The three leading US indices closed higher on Tuesday after Monday's liquidation.

Late Monday, US President Donald Trump announced that tariffs of 10% on 200 billion US dollars (277 billion Australian dollars) from China would come into force next week.

China reacted Tuesday by revealing 10% of rights on about 60 billion US dollars of US products, also from 24 September.

"Initially, they were talking about rates in the range of 20 to 25% and they were reduced to 10%," said Stephen Massocca, senior vice president at Wedbush Securities in San Francisco. "Maybe these numbers will not be as bad as we originally thought.

"There is much more pressure on the Chinese to reach an agreement than on the United States," said Massocca.

New technologies have been bolstered by the announcement that the maker of Apple gadgets and Fitbit fitness would escape tariffs. Apple's shares closed up 0.2% while Fitbit shares rose 6.4%.
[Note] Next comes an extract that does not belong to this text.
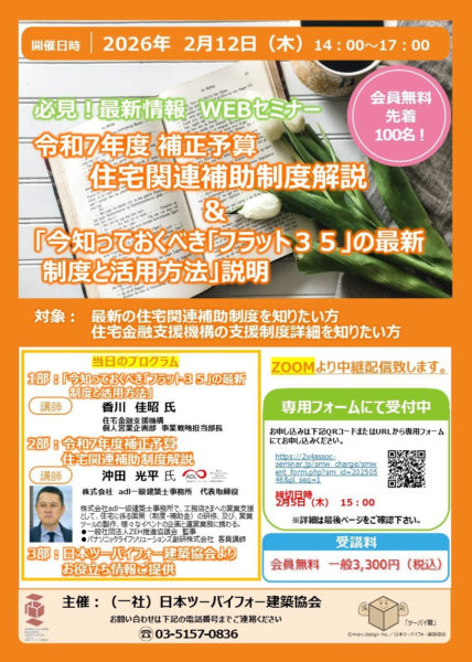 【全国】必見!最新情報WEBセミナー 令和7年度補正予算 住宅関連補助制度解説&「今知っておくべき【フラット35】の最新制度と活用方法」説明 開催のご案内

Trade-sensitive manufacturers gained ground with Boeing Co finishing up 2.1%. The aircraft manufacturer, the largest US exporter to China, led the Dow Jones Industrial Average.

Nike also strengthened the benchmark while Telsey Advisory Group raised its price target. The stock reached a historic high, up 2.4%.

The Dow Jones Industrial Average advanced Tuesday by 184.84 points, or 0.71%, to 26,246.96, the S & P 500 15.51 points, or 0.54%, to 2,904.31 and the Nasdaq Composite added 60.32 points, or 0.76%, to 7,956.11.

Consumer discretionary was the best performing of the top 11 S & P 500 sectors, up 1.3%.

The energy sector grew 0.7% as crude oil prices mounted signs that OPEC was unwilling to increase production to cope with the contraction in Iranian supplies.

Among the losers, Tesla sank 3.4 percent after announcing that it had received a request for US Justice Department documents regarding public statements by chief executive Elon Musk on the privatization of the company.

Insurer Marsh & McLennan slid 4.0% in its announcement to buy UK insurance and reinsurance broker Jardine Lloyd Thompson for US $ 5.7 billion.

Defensive groups lagged behind, as consumer staples lost 0.4%. General Mills dropped 7.6% after missing analysts' quarterly sales estimates, pushing shrinking packaged food stocks by almost 26%.

The progression of the problems is higher than that of the securities falling on the New York Stock Exchange by a ratio of 1.35 to 1; on the Nasdaq, a ratio of 1.42 to 1 favored advances.

The S & P 500 recorded 39 new 52-week highs and three new lows; The Nasdaq Composite recorded 58 new highs and 83 new lows.

The volume on the US stock exchanges was 6.39 billion shares, compared to the average of 6.20 billion for the full session of the last 20 trading days.